== Material for this exercise ==

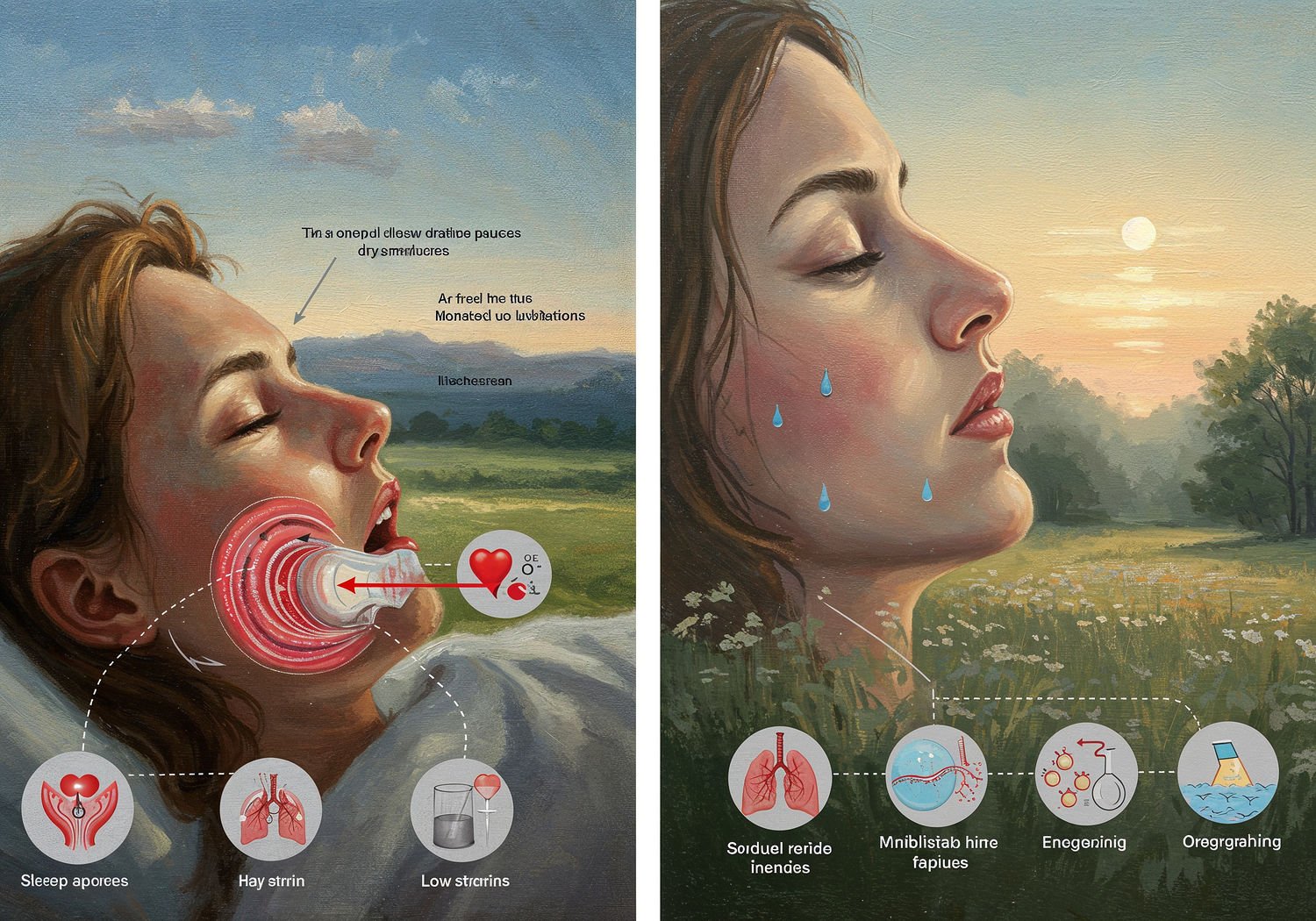 Impressionist painting, plein air, vibrant colors, capturing the moment, flickering light, visible short brush strokes, broken color technique, soft focus Impressionist painting, plein air, vibrant colors, capturing the moment, flickering light, visible short brush strokes, broken color technique, soft focus A split-scene illustration: on the left, a person sleeping with mouth open, air flowing directly into dry throat causing swelling and snoring vibrations, icons of sleep apnea pauses, low oxygen, heart strain, and daytime fatigue; on the right, the same person sleeping peacefully breathing through nose, air being filtered by nasal hairs and mucus, humidified and warmed, flowing smoothly to oxygenated lungs, icons of deep sleep, nitric oxide boost, reduced inflammation, and energetic morning. ;Image without icons or texts. Style: Oil painting on canvas, impasto texture, thick layers of paint, high-key lighting, atmosphere of a hazy morning; ;Image without icons or texts. Style: Oil painting on canvas, impasto texture, thick layers of paint, high-key lighting, atmosphere of a hazy morning;
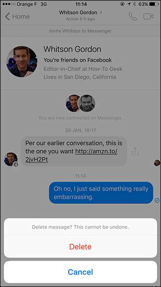Como excluir uma mensagem do aplicativo móvel do Facebook Messenger
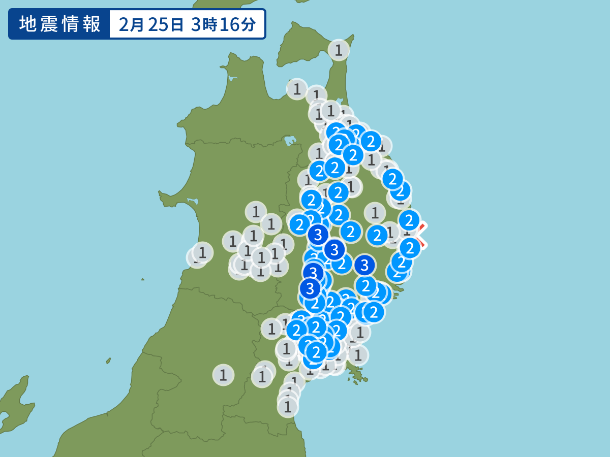 2026年02月25日 03時16分 奥州市で揺れを感じる地震が発生しました。
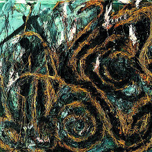 В работе американский экспериментатор Скарпитта вместо красок использовал чай и смолу. Картина продалась на Sotheby’s со значительным превышением стартовой цены.
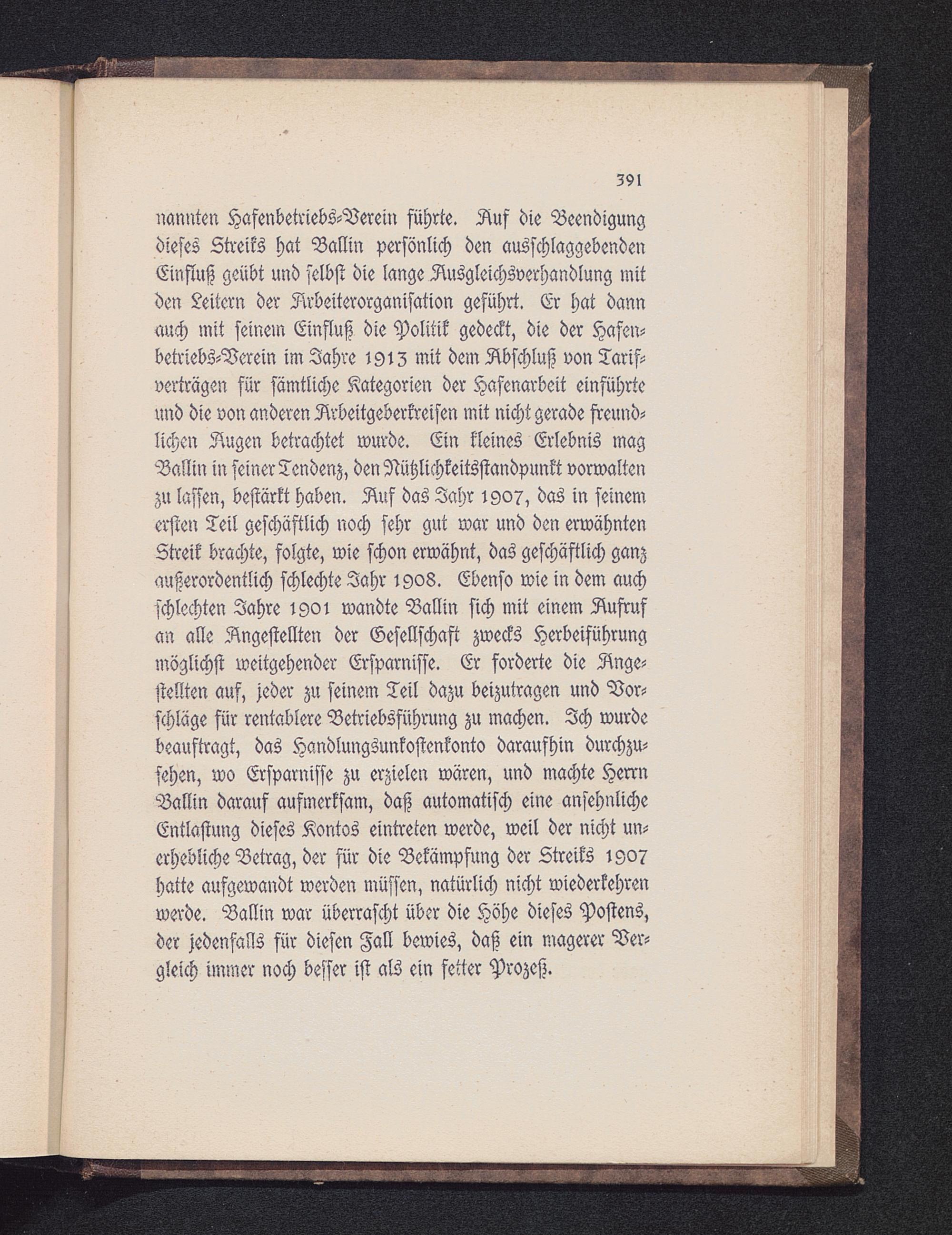 nannten Hafenbetriebs-Verein führte. Äuf die Beendigungdieses Streiks hat Ballin persönlich den ausschlaggebendenEinfluß geübt und selbst die lange Ausgleichsverhandlung mitden Leitern der Arbeiterorganisation geführt. Er hat dannauch mit feinern Einfluß die Politik gedeckt, die der Hafen-betriebs-Verein im Äahre 191z mit dem Abschluß von Tarif-verträgen für sämtliche Kategorien der Hafenarbeit einführteund die von anderen Arbeitgeber-kreisen mit nicht gerade freund-lichen Augen betrachtet wurde. Ein kleines Erlebnis magBallin in seiner Tendenz, denNühlichkeitsstandpunkt vorwaltenZu lassen, bestärkt haben. Auf das Jahr 1907, das in seinemersten Teil geschäftlich noch sehr gut war und den erwähntenStreik brachte, folgte, wie schon erwähnt, das geschäftlich ganzaußerordentlich schlechte Jahr 1908. Ebenso wie in dem auchschlechten Jahre 1901 wandte Ballin sich mit einem Aufrufan alle Angestellten der Gesellschaft zwecks Herbeiführungmöglichst weitgehender Ersparnisse. Er forderte die Ange-stellten auf, jeder zu seinem Teil dazu beizutragen und Vor-schläge für rentablere Betriebsführung Zu machen. Ich wurdebeauftragt, das Handlungsunkostenkonto daraufhin durchzu-sehen, wo Ersparnisse zu erzielen wären, und machte HerrnBallin darauf aufmerksam, daß automatisch eine ansehnlicheEntlastung dieses Kontos eintreten werde, weil der nicht un-erhebliche Betrag, der für die Bekämpfung der Streiks 1907hatte aufgewandt werden müssen, natürlich nicht wiederkehrenwerde. Ballin war überrascht über die Höhe dieses Postens,der jedenfalls für diesen Fall bewies, daß ein magerer Ver-gleich immer noch besser ist als ein fetter Prozeß.
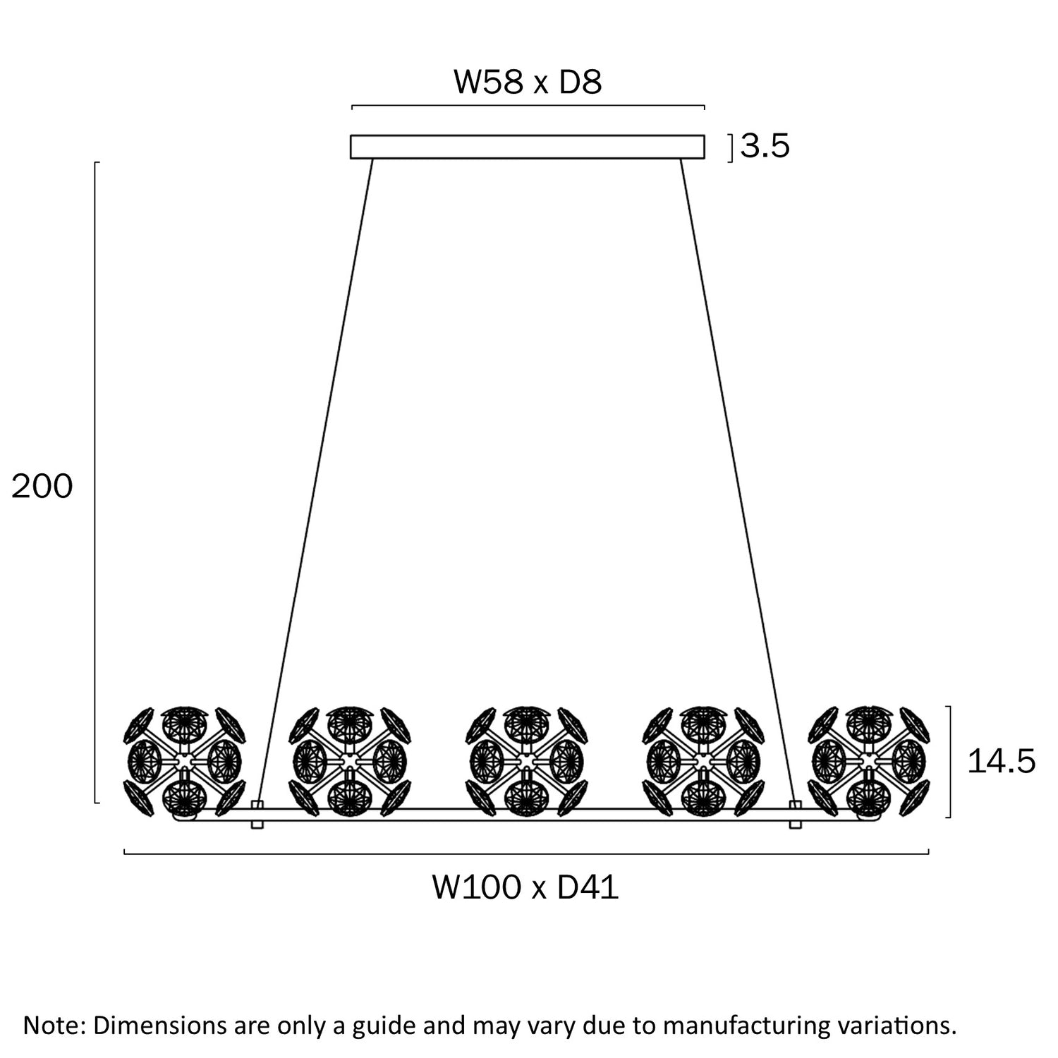 The Catania pendant is an exquisite lighting fixture crafted from iron and adorned with crystal accents. Featuring integrated LED technology with a warm 3000K colour temperature, it is available in configurations of 8 or 18 lights. The pendant is elegantly finished in antique gold, adding a touch of sophistication to any space.
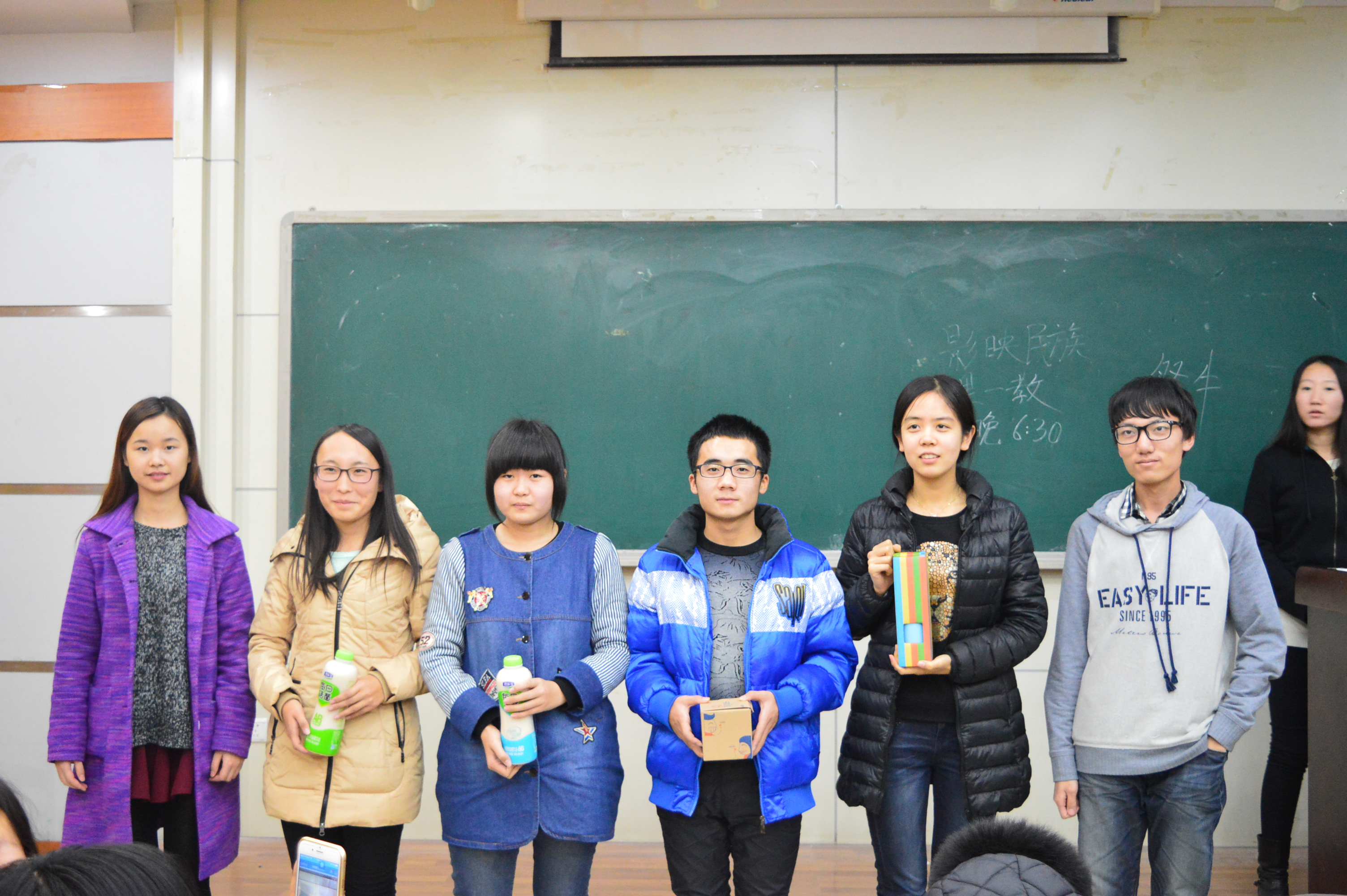 大赛的第一个环节是分组提问,选手们分成十一个组,每组两人,按顺序接受主持人的提问。问题都与少数民族的基本知识有关,如:“我国各民族主要分布的特点是什么”等等。期间由记分人员根据选手答对问题的个数记录相应的分数。紧张的分组提问环节过后,到了激动人心的抢答环节。主持人提问大家有关少数民族风俗文化的问题,选手们都积极参与,踊跃举手,就连台下观众也情不自禁加入其中,赛场气氛紧张热闹。不知不觉中,第二个环节很快就结束了,大赛进行到了最后一个环节,即每个组派出一个代表,介绍自己的家乡。同学们介绍了哈尔滨、新疆等地的风土人情,让我们领略到了来自祖国各地的美好文化,感受到了各个民族的精神风貌。最后,由评委评分,在场工作人员记分,根据总分的高低评比出了本次大赛的第一名和第二名,两组获奖选手分别手持奖品合影留念,大赛圆满结束。
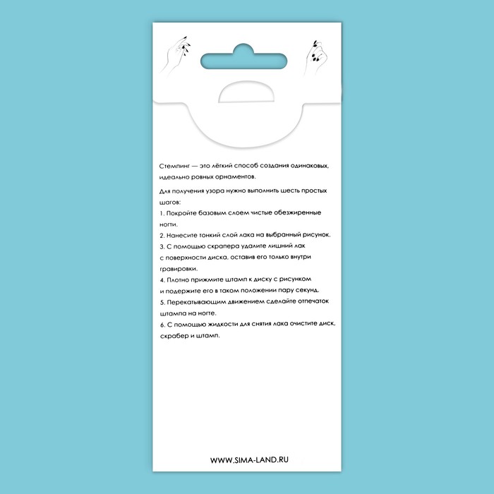 Для эффективного использования дисков рекомендуется применять специальный гель лак, штамп и лопаточку. Это гарантирует получение качественного результата без лишних усилий. Отличный выбор для повседневного или праздничного маникюра, акцентирующего внимание на деталях.
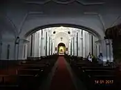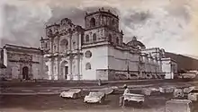 After the Santa Marta earthquakes in 1773 and against strong opposition from the archbishop and the regular clergy, the capital was moved from Santiago de los Caballeros de Guatemala to a new location, known as Nueva Guatemala de la Asunción. In order to enforce the move, Captain General Martín de Mayorga, decided to force the priests and friars to move the most important religious sculptures to the new city; therefore, in 1778 La Merced friars were forced to move the sculptus of Jesús Nazareno and Virgen Mary to the new city. The move was harsh, as the natives that were supposed to take care of the beloved images arrived late, while the neighborhood was praying and crying while waiting for them. When the sculptures were packaged in a box, their followers walked alonsige them to the Animas gate of the city, and one of them carried the cross of the sculpture all the way to San Lucas Sacatepéquez, a settlement located 15 km away from Antigua Guatemala.[2] The caravan arrived into the new capital at night, and the sculptures were received by Franciscan friars and then by Mercedarians who placed it in a temporary wooden structure located where they were going to build their new church. Martín de Mayorga came to verify the arrival, which signaled the end of the arduous move.[3] In 1801, the fellowship of Jesús Nazareno de la Merced moved the sculpture altar to the new capital even though the new church had not been constructed yet.
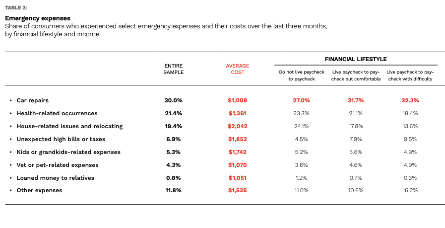 “At 30%, car repairs are the most common unexpected expense, and consumers paid an average of $1,008,” the study stated. “The next-most common expenses are health-related, with 21% of consumers facing at least one health-related emergency expense and spending an average of $1,361. Housing- and relocation-related expenses had the highest average cost at $2,042,” faced by 19% of consumers.
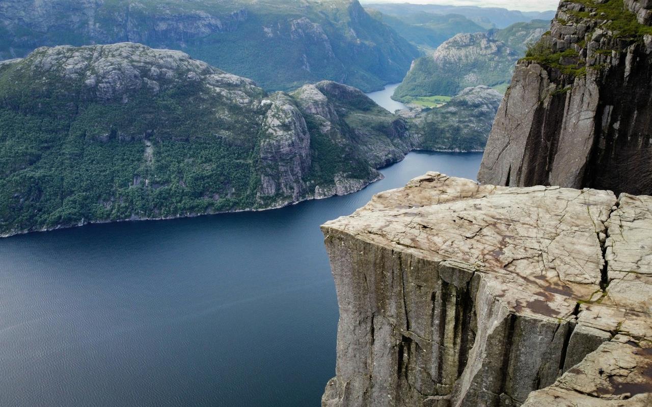 célèbre Preikestolen, immense promontoire rocheux dominant le fjord à plus de 600 mètres de hauteur. Une expérience saisissante au plus près d'une nature brute et préservée.

===

# Exercise instructions
The lines from the top of the data above through the one holding "2026年02月25日 03時16分 奥州市で揺れを感じる地震が発生しました。" are to be repeated exactly, and only those, with no pictures.

# Answer space
 Impressionist painting, plein air, vibrant colors, capturing the moment, flickering light, visible short brush strokes, broken color technique, soft focus Impressionist painting, plein air, vibrant colors, capturing the moment, flickering light, visible short brush strokes, broken color technique, soft focus A split-scene illustration: on the left, a person sleeping with mouth open, air flowing directly into dry throat causing swelling and snoring vibrations, icons of sleep apnea pauses, low oxygen, heart strain, and daytime fatigue; on the right, the same person sleeping peacefully breathing through nose, air being filtered by nasal hairs and mucus, humidified and warmed, flowing smoothly to oxygenated lungs, icons of deep sleep, nitric oxide boost, reduced inflammation, and energetic morning. ;Image without icons or texts. Style: Oil painting on canvas, impasto texture, thick layers of paint, high-key lighting, atmosphere of a hazy morning; ;Image without icons or texts. Style: Oil painting on canvas, impasto texture, thick layers of paint, high-key lighting, atmosphere of a hazy morning;
Como excluir uma mensagem do aplicativo móvel do Facebook Messenger
 2026年02月25日 03時16分 奥州市で揺れを感じる地震が発生しました。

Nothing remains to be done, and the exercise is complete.